If representatives, who cannot act as administrators or judges, are often renewed, if their functions are determined by law, if the people can summon at any moment their national conventions and primary assemblies, the tyranny of a legislature would have only a very short existence, especially among a people capable of self-defense, who can read, and have newspapers, guns and pikes. Why assume an evil solely for the purpose of providing a remedy?

  1. To strengthen the executive power, we should have a King.

Such a proposition might have a certain force when we had nobles, priests, parliaments, and other privileged classes. Now, however, the law is all powerful, and as it is the expression of the general will, it is the interest of everyone to see that it is executed. On the contrary, the presence of a hereditary king tends to weaken the executive power, as was clearly demonstrated recently when we attempted to unite Royalty and Liberty in marriage bonds.

For that matter, those who hold this opinion are persons who identify the king with the Executive Power. My readers, I fancy, entertain more enlightened sentiments.

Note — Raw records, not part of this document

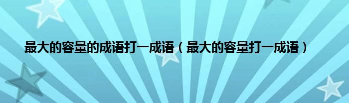 大家好,最大的容量的成语打一成语,最大的容量打一成语很多人还不知道,现在让我们一起来看看吧!
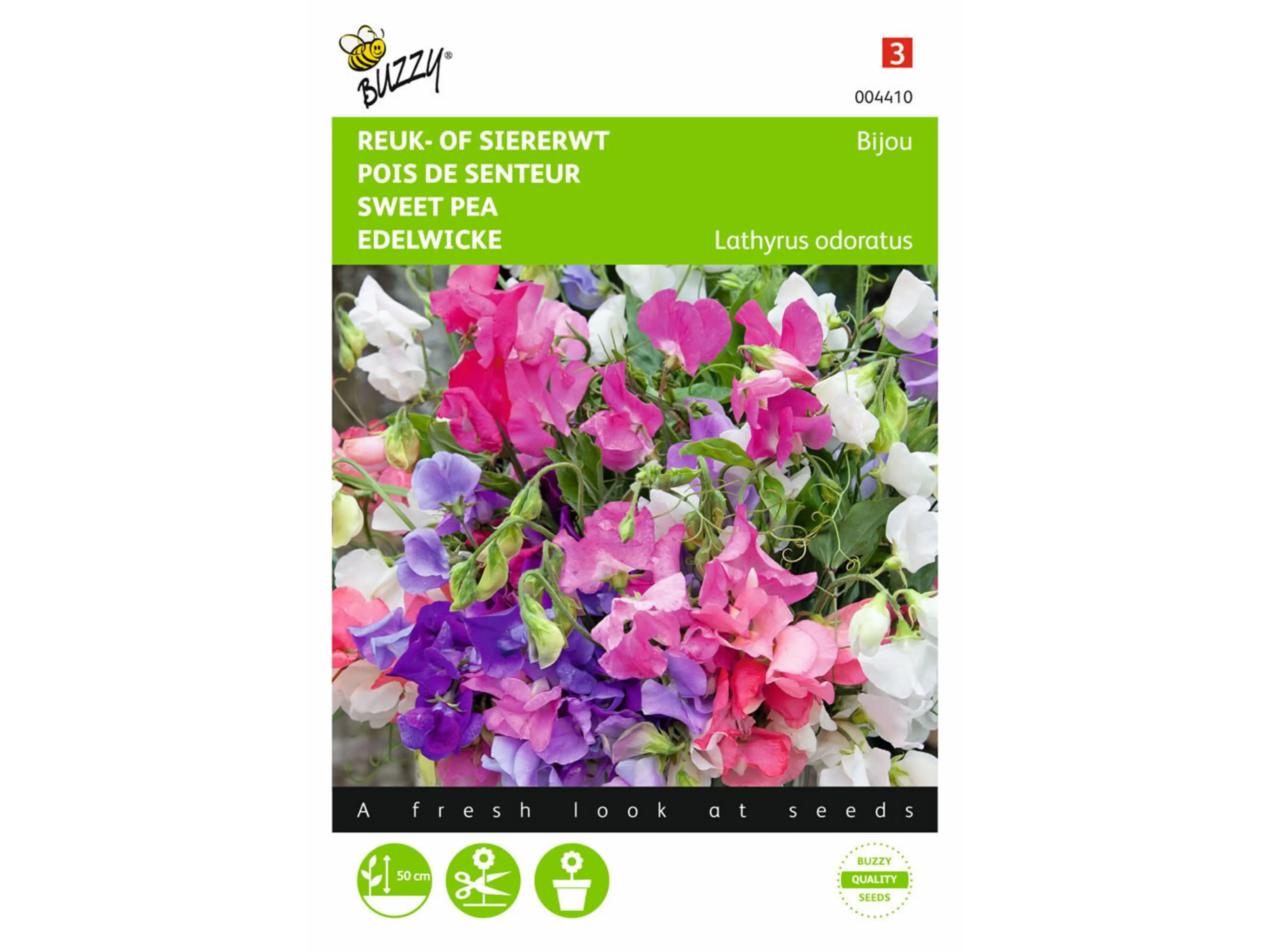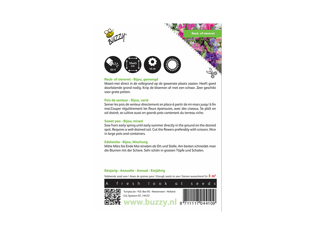 Reuk- of siererwt Bijou is een eenjarige siererwt die een heerlijke geur verspreidt. Dit rijkbloeiende, veelkleurige mengsel blijft laag tot 50 cm. Ook zeer geschikt voor grote potten.
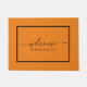 Elegant welcome Doormat with a black script on an orange background. Personalize with your family name or text.
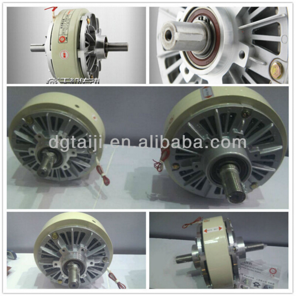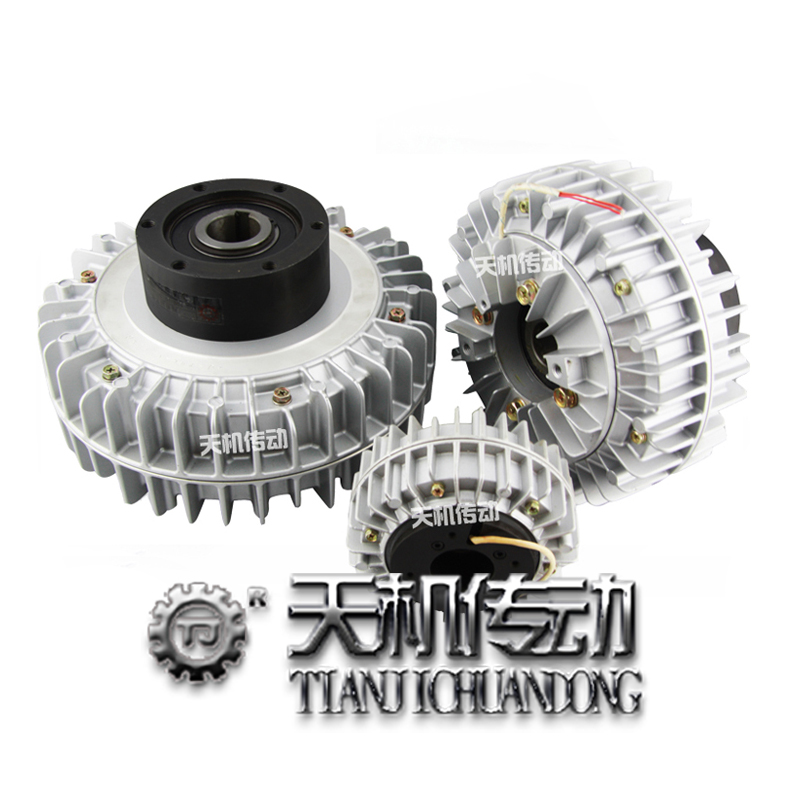 在無變速機的情況下,卷繞材料所需的最大張力與最大卷繞半徑的乘積應小于雙伸出軸磁粉離合器的額定轉矩。此外,磁粉離合器的選擇還與其位置有關系:在滑差功率匹配的前提下,把磁粉離合器放在高速級,則可以選擇較小規格的離合器,其體積、成本也相應下降。當小規格磁粉離合器不能匹配,而需較大磁粉離合器時,應將其置于傳動機構的中部或后部,以增大工作轉矩降低滑差轉速。
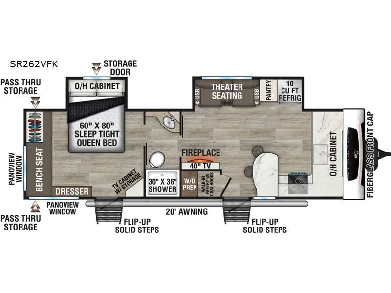 Sleeps 8 Slides 1 Length 26 ft 3 in Ext Width 8 ft Ext Height 10 ft 10 in Int Height 6 ft 6 in Interior Color Chestnut, Fawn, Sufside Maple, Teak Exterior Color Arctic White (Standard), Aztec Grey Hitch Weight 570 lbs GVWR 7315 lbs Dry Weight 5420 lbs Cargo Capacity 1895 lbs Fresh Water Capacity 45 gals Grey Water Capacity 64 gals Black Water Capacity 32 gals Tire Size 15" Furnace BTU 30000 btu Number Of Bunks 2 Available Beds Queen Refrigerator Type 12V Refrigerator Size 10 cu ft Cooktop Burners 3 Shower Size 30" x 36" Number of Awnings 1 Axle Weight 4850 lbs LP Tank Capacity 20 lbs Water Heater Type Tankless Cargo Deck Size 0 ft TV Info LR 40" Smart TV Awning Info 18' Axle Count 2 Number of LP Tanks 2 Shower Type Standard Similar Floorplans
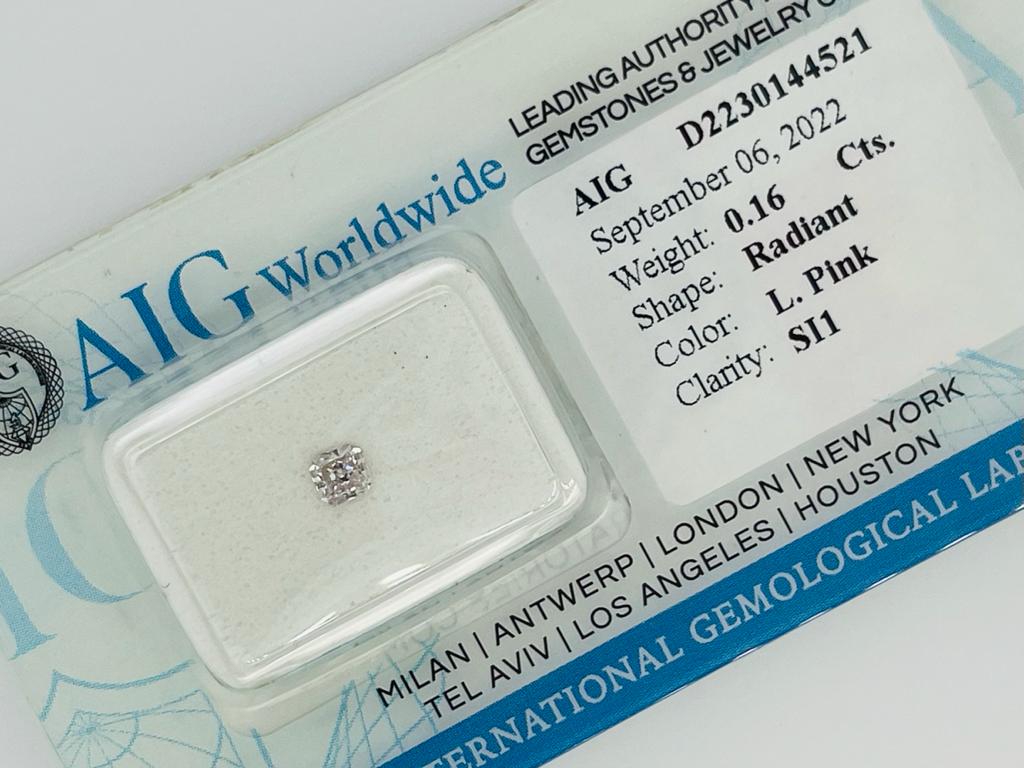 DIAMANTE 0,16 CT ROSA CHIARO PUREZZA SI1 - TAGLIO RADIANTE - CERTIFICATO AIG...
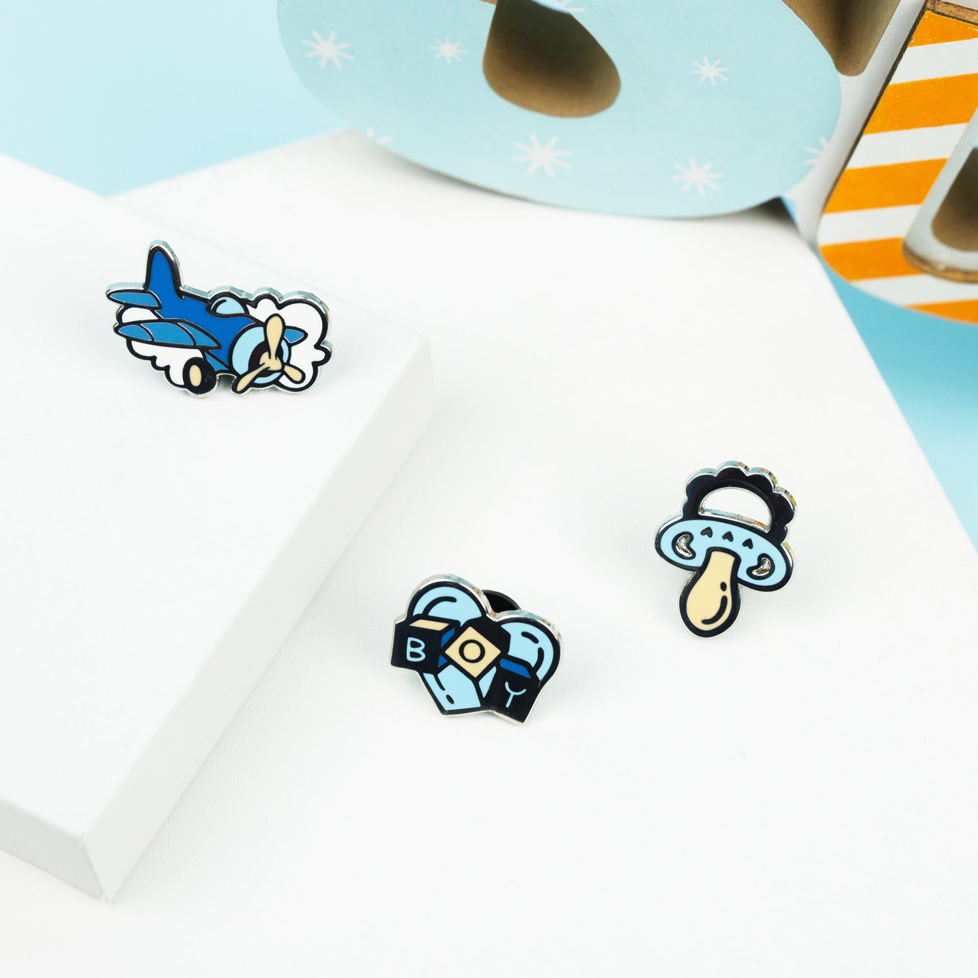 Przypinka samolot niebieski Pinets kolekcja Baby Shower / Gender Party

The following is another not uncommon fallacy: "We must have either an

hereditary chief or an elective chief. If we have an elective chief, the citizens will quarrel about the candidates, and every election will be followed by a civil war.” In the first place, such civil wars as have arisen in England and France were the result, not of election, but of hereditary succession; and, in addition, the scourge of foreign war has, for a score of times, devastated these kingdoms, because of the claims asserted by certain royal families. In fine, all the disturbances that occurred during the Regency had their source in hereditary succession.

The great point, however, to be considered is this: an elective chief will not be followed by a train of courtiers, will not be surrounded with royal pageantry, will not be puffed up with servile adulation, and will not have an income of thirty millions; and besides, his fellow-citizens will not elect him to an office of several years’ duration without limiting his authority and keeping his income within due bounds.

Moreover, the presence of a king entails the presence of an aristocracy and of taxation reaching thirty millions. This is doubtless why Franklin styled Royalism a crime as bad as poisoning.

The sole reason why Royalty, with all its visionary splendor, its assumed necessity, the superstitious idolatry that follows in its train, was created was for the purpose of exacting from its victims excessive taxation and willing submission.

Royalty and Popery have had the same goal to attain and have been supported by the same deceptions; they are now falling into the same decay under the rays of the same Light.